» **About this task**: Below are records; the lines starting at the one with "Fairey Firefly Mk." and ending at the one with "Lot of 3 airmail" must be reproduced exactly, both included. Pictures must not appear.

» **Dataset**:

---

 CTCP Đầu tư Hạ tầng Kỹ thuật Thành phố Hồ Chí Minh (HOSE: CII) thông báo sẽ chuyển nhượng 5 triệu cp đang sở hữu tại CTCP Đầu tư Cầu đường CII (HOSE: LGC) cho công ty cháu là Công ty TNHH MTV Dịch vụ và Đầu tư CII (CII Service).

---

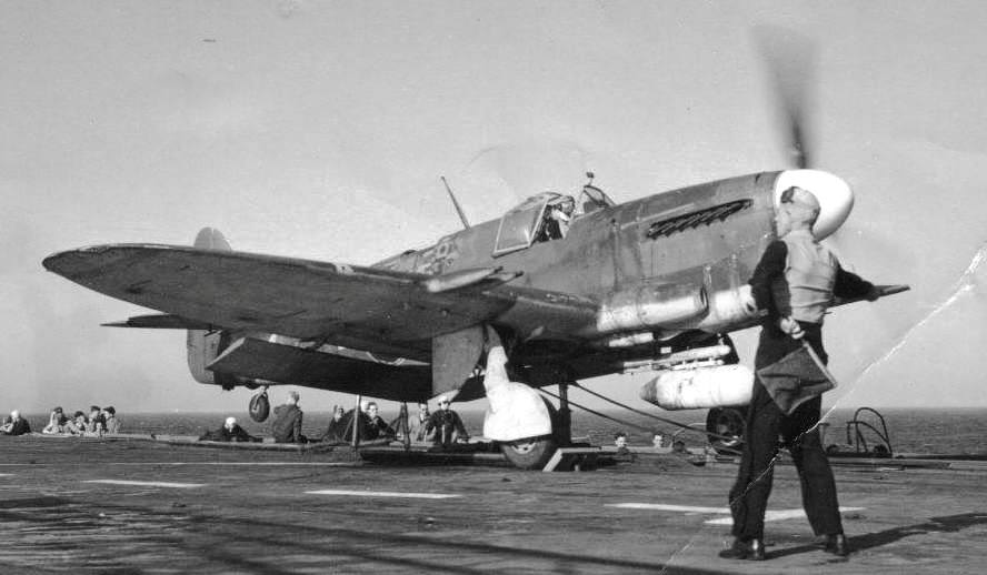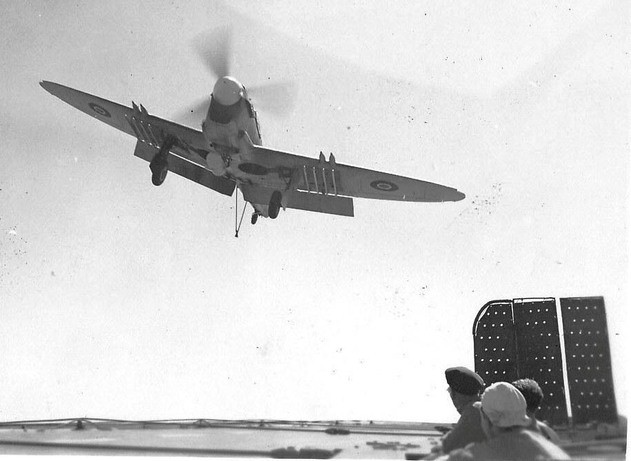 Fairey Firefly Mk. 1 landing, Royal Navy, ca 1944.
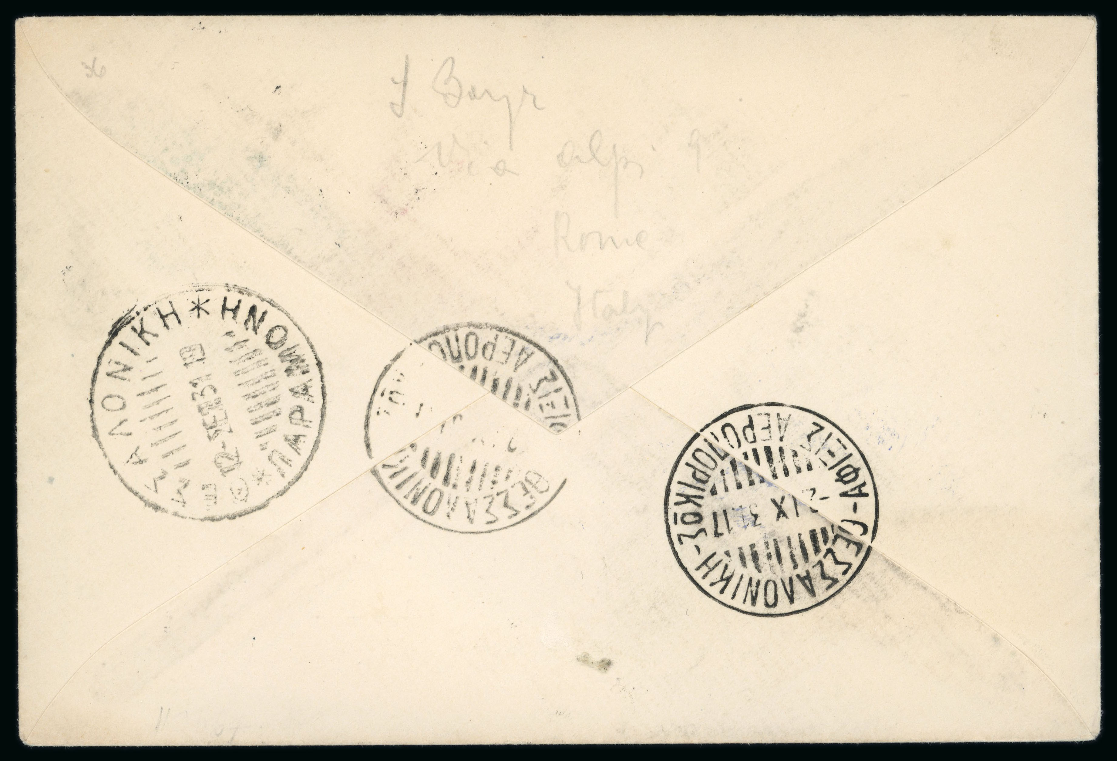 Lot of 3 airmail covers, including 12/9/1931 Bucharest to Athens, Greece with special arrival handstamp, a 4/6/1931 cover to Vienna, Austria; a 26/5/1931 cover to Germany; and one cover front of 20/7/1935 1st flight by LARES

---

» **Task answer**:
 Fairey Firefly Mk. 1 landing, Royal Navy, ca 1944.
 Lot of 3 airmail covers, including 12/9/1931 Bucharest to Athens, Greece with special arrival handstamp, a 4/6/1931 cover to Vienna, Austria; a 26/5/1931 cover to Germany; and one cover front of 20/7/1935 1st flight by LARES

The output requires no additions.